Medicine Man In Denver Opens New Aurora Store And Weighs Selling Out

Shandar

New Member
Aurora - The place was a grease pit. Now look at it: Wall panels made of reclaimed pine beetle-kill wood. Empty glass cases ready to be filled. An ATM just delivered. And $100,000 worth of bulletproof windows, frosted to shield prying eyes from the product.

On the late November day before the opening of Medicine Man's second recreational marijuana store, Andy Williams is on the phone with a guy trying to sell him a sound system. Someone is always trying to sell him something.

He puts down the phone to welcome a would-be customer, the third to stop by in the last 15 minutes wanting to make a purchase.

The man is uninterested in the cut-rate deals available at the flagship store, in Denver, or waiting a day for the Aurora grand opening.

"It's a today thing," the guy says, shuffling out.

This is full circle, in a way, for the family behind a company that wants to be the Costco of weed, delivering high quality at low prices.

A year earlier, co-owners and brothers Andy and Pete Williams were rushing to convert their Denver medical marijuana operation into one that also sold recreational marijuana – essentially the same product at higher prices and taxes to a large number of out-of-state tourists.
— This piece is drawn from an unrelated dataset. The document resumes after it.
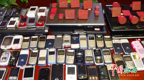 近日,南昌市公安局西湖分局刑偵大隊成功摧毀了一個以臺灣籍人員為主的利用電話中獎詐騙海外華人的犯罪團伙,抓獲犯罪嫌疑人24名(其中臺灣籍人員11名)破獲系列詐騙案件200余起,涉案金額達5000余萬元,現已查扣銀行卡40余張,繳獲涉案贓款1400余萬元、帳本11本、 作案用電腦8臺、手機近百部等工具。

That gambit succeeded beyond expectations. The Williams family's bet on their business plan, tolerance for risk and willingness to be open about their financial books and personal lives have paid off.
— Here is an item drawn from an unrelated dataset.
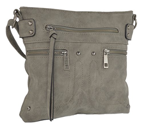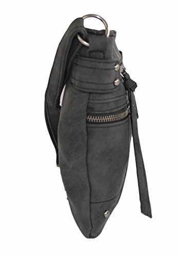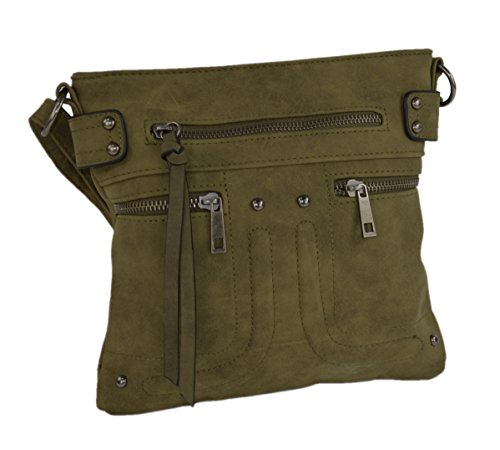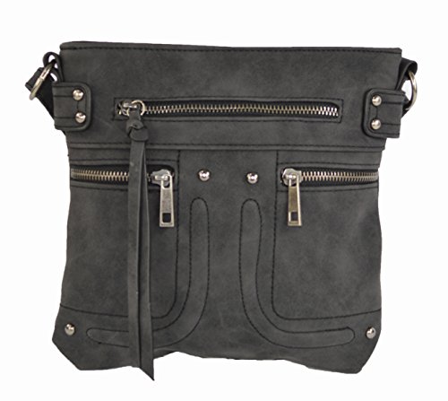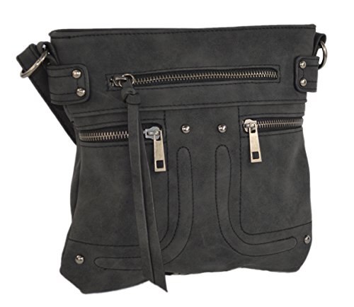 Motor-style crossbody bag is crafted from soft vegan leather for comfortable, everyday wear! Double faux pockets accent the purse with one front zip pockets for quick access to your phone or keys. Interior is fabric lined with two slip pockets and one small zip pocket to secure your small items. Carry your wallet, sunglasses, and any other miscellaneous items in this medium size tote. Measures 9 inches tall and 9.5 inches wide. Sturdy adjustable strap rest comfortably and extend to 50 inches to wear across the body, over the shoulder, or as a handbag. Makes a great gift!Feature

Nearly a year into the first legal recreational marijuana retail sales on the planet, Medicine Man is one of the names that is talked about when people talk about Colorado's grand experiment in legalization.

There have been ups and downs: For every five minutes of fame on national TV, an employee's bank account closed without explanation. For every new consulting gig, another stress-induced fainting spell.
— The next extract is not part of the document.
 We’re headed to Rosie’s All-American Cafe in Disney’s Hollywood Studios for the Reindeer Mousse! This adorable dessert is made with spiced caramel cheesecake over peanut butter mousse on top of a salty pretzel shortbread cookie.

Some dreams fast-tracked, others delayed.

Even as Andy prepared to open his new recreational store in a building that used to house a fast-food joint at a prime Aurora intersection, bigger things weighed on his mind.

He and his relatives are deep in negotiations to give up a majority stake in the company.

One of the pioneering families of Colorado pot is ready to sell out.

Unused for years

The abandoned truck stop north of Pueblo has a whiff of decay. On a mid-May morning, Andy Williams tours a broken-down building that has sat unused for years off Interstate 25.

He walks past the remains of a pie rack, a tipped-over miniature Christmas tree and a Gideon Bible open on a table.

The ceiling tiles are yellow and water-damaged. Up a staircase are 24 motel rooms and two suites, if bigger motel rooms can be called that.

"You can't see how it is," Andy says. "You have to see it for what it's going to be."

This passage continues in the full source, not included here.